L’Accord sur le statut des forces ne fait aucune allusion aux quelque 2 000 Iraniens liés à l’Organisation iranienne des moudjahidin du peuple (OIMP, groupe d’opposition iranien) qui se trouvent depuis plusieurs années dans le camp d’Ashraf, dans le nord de l’Irak, sous la protection des États-Unis.

Le gouvernement irakien aurait déclaré à cette organisation que les personnes se trouvant dans le camp d’Ashraf devraient avoir quitté l’Irak d’ici au 31 décembre 2008. Certains responsables irakiens ont laissé entendre que ces personnes seraient expulsées si elles ne respectaient pas cette injonction. Amnesty International considère que ces Iraniens courent le risque d’être victimes de graves violations des droits humains s’ils sont renvoyés de force dans leur pays.

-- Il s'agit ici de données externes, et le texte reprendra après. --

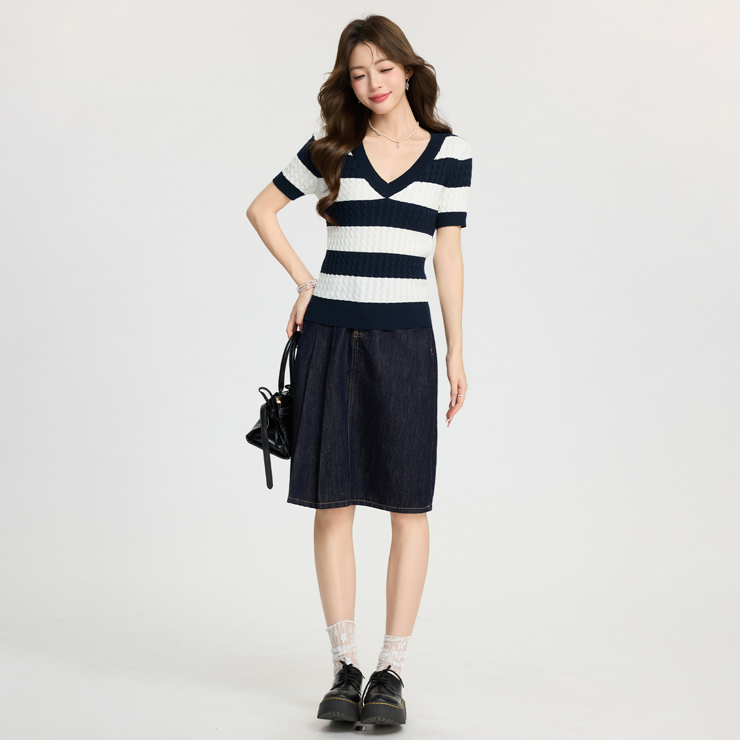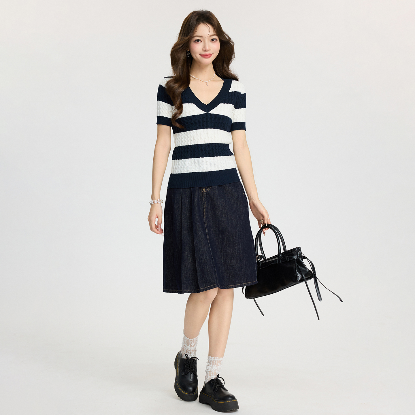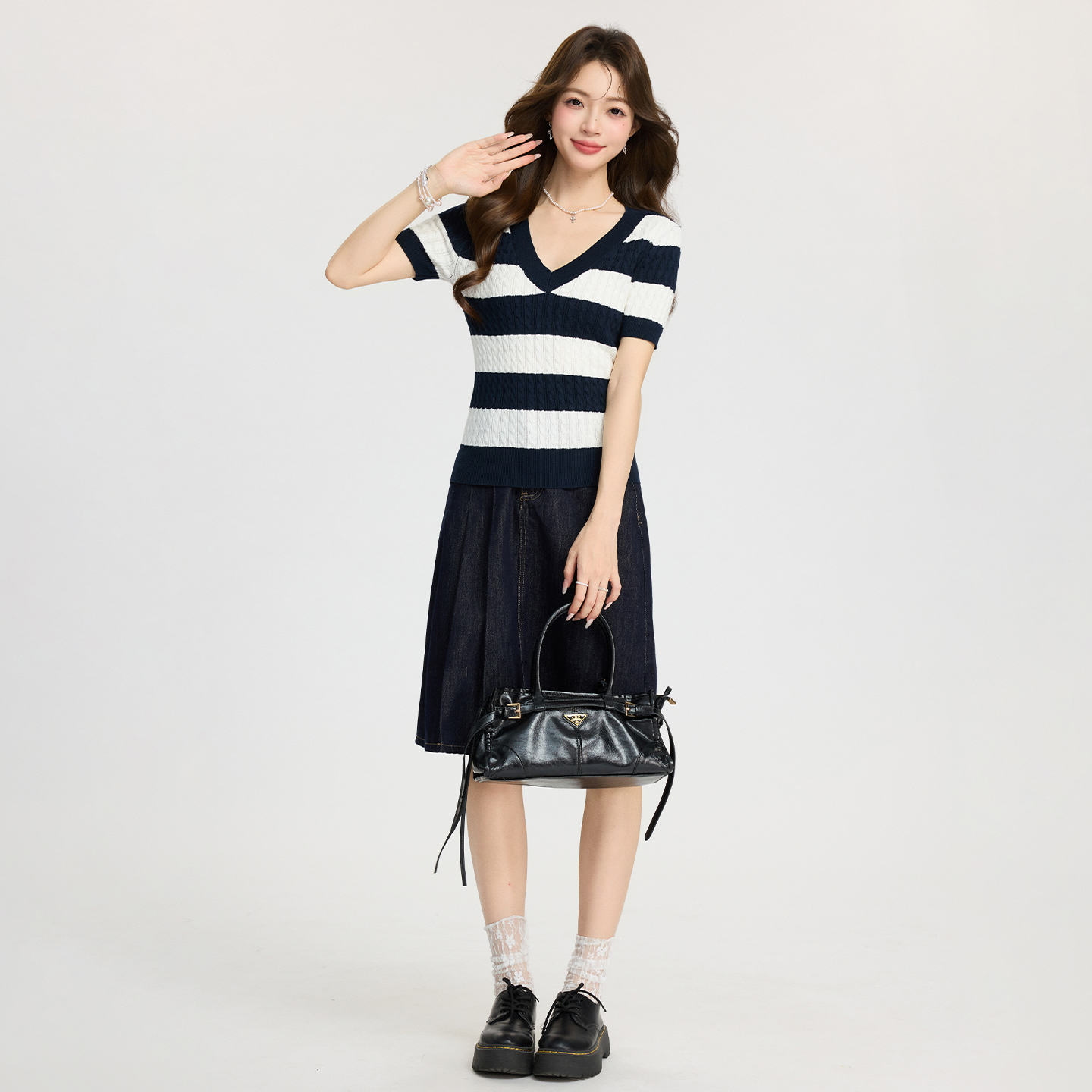RY2775# 实拍实价韩系条纹V领短袖套头麻花针织衫女夏季撞色复古显瘦上衣

Amnesty International a également souligné que l’accord, bien qu’il lève l’immunité de poursuites des entreprises privées recrutées par le ministère de la Défense des États-Unis, ne mentionne rien au sujet des autres sociétés militaires et de sécurité privées, par exemple celles employées par le Département d’État, qui ont été accusées précédemment d’avoir tué des civils en Irak.

La société de sécurité privée Blackwater, qui travaillait pour le Département d’État, a ainsi été accusée de violations graves des droits humains l’année dernière.

L’Accord sur le statut des forces, qui remplacera le mandat actuel des Nations unies, prévoit que les forces armées américaines se retireront entièrement des zones urbaines d’ici à juin 2009 et quitteront l’Irak d’ici à la fin de 2011. Après le 31 décembre 2008, les autorités irakiennes auront davantage leur mot à dire sur les opérations quotidiennes de l’armée américaine en Irak.

L’article 12-1 de l’accord dispose que l’Irak est compétent pour juger les membres des forces américaines et les civils qu’elles emploient pour tout acte criminel avec préméditation, lorsque les faits sont commis en dehors des zones convenues et en dehors de l’exercice de leurs fonctions. Cependant ni le type d’actes criminels ni la procédure à suivre ne sont précisés et ce sont les autorités américaines qui détermineront lorsque leurs soldats ou les civils qu’elles ont recrutés agissaient ou non dans l’exercice de leurs fonctions.